ASN.1 to XML: The Process No comments yet
asn2xml
Jim Ostell, speaking at the observance of the 25th anniversary of NCBI, stated something along the lines of, “then they wanted XML, but nah..”.
While working on the filters for the LARTS product, most specifically, the GenBank-like report, I realized how tightly-coupled the NCBI ASN.1/XML is to the toolkit.
Basically, you’ve got to understand the toolkit code in order to translate what the XML is saying. The infinite extendability and recursive structure of the ASN.1 data model is another conundrum. This is especially true of the of the ASN.1 data structures supporting GenBank data - Bioseq-set. For example, a phy-set (phylogeny set) can include sets of Bioseq-sets nested to several levels. Most Bioseq-sets are the usual nuc-prot (DNA and translating protein), but others are pop-sets, eco-sets, segmented sequences with sets of sequence parts, etc.
After we developed LARTS, I wrote the GB filter as a Java object. It was an interesting experience.
NCBI ASN.1 rendered as XML, either our version or the NCBI asn2xml version, is very dependent on the NCBI toolkit code for proper interpretation.
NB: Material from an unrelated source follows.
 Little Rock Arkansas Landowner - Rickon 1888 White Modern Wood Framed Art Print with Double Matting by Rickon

The two most glaring examples are listed below.
Sequence Locations
Determing the location of sequence features for a GenBank data report, is a prime example. Here are a few simple examples:
primer_bind order(complement(1..19), 332..350)
gene complement(join(1560..2030, 3304..3321))
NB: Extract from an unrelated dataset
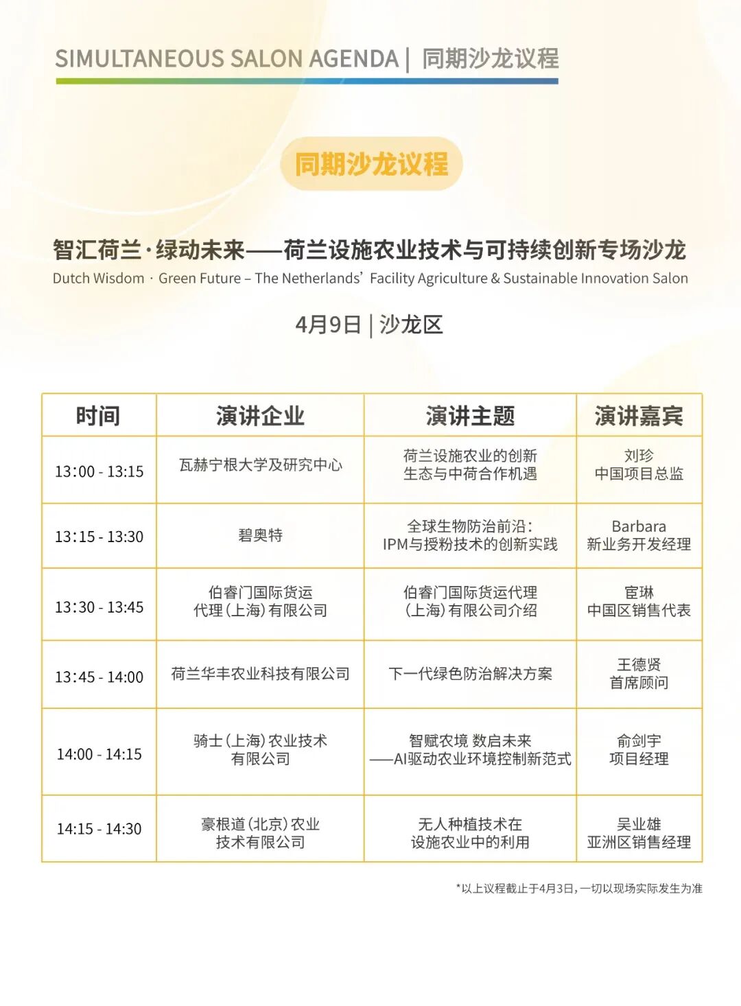 四家深耕中国市场的荷兰(及欧洲)技术领军企业将齐聚一堂,带来一场聚焦设施农业前沿技术的专场沙龙。从生物防治、智能环控、环境调节幕布到智慧物流,活动将搭建一个高端交流平台,分享国际前沿的“无人种植”技术、AI驱动的环境控制新范式以及本土化的综合防治方案,为中国现代农业的提质增效与可持续发展提供可借鉴的“荷兰路径”。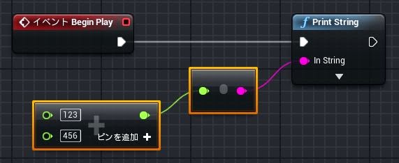 ブループリントでは、ある種類の値を別の種類を必要とする項目につなげると、自動的に値を適した種類に変換するキャストノードを追加してつないでくれます。なかなか便利ですね。

CDS complement(join(3492..3593, 3941..4104, 4203..4364, 4457..4553, 4655..4792))
rRNA join(<1..156, 445..478, 1199..>1559) 5231, 76582..76767, 77517..77720, 78409..78490))
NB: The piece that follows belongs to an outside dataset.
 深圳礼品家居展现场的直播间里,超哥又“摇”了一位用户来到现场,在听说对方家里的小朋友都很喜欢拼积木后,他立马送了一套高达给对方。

primer_bind order(complement(1..19), 1106..1124)
For Segmented-sequences:
CDS join(162922:124..144; 162923: 647..889, 1298..1570)
CD regions locations have frames, bonds have points (that can be packed), strand minus denotes a complement (reverse order), a set of sequence locations for a sequence feature (packed-seqint) denotes a join, and locations can be “order(”ed, or “one-of”, and fuzz-from and fuzz-to has to taken into account for points and sequence intervals.
Sequence Format
DNA sequences are stored in a packed 2-bit or 4-bit per letter format (ncbi2na and ncbi4na). 2na is used if the sequence does not contain ambiguity, otherwise 4na is the format of choice. The sequence must be unpacked to be useful. This takes a basic understanding of Hex(adecimal).
Toolkit
The NCBI Toolkit contains all of the code necessary to render a GenBank report from the ASN.1 binary or ASCII data file. (The code is there, but you have to figure out how to compile it into an executable.)
We took the toolkit code and converted it to Java to produce the GenBank-style output format. It differs from the actual NCBI GenBank Report in that the LARTS report lists a FASTA-formatted sequence instead of the 10-base pairs per column that the NCBI GenBank Report produces.
The Many Variations of LARTS
GenBankReportFilter.java is provided as an example with Stand-Alone LARTS. The LARTS Reader enables the GenBank-style report.
Using LARTS Online, the user can select the GenBank-style report as the desired Output Format.
A third option, would entail using LARTS Online to obtain the keyword or keyword/element-path data wanted in XML format. This data is then downloaded to a local machine via the Thick Client option. Finally, Stand-Alone LARTS would process the dowloaded XML data into a GenBank-style report.
Stand-Alone LARTS provides example filters and SQL for processing XML and loading the relevant data into a local SQL database. This includes sample code for the BLOB and CLOB objects.
The filter for FASTA-formatting sequence data is also available as an example with Stand-Alone LARTS.
These options provide ready access to NCBI data for your research.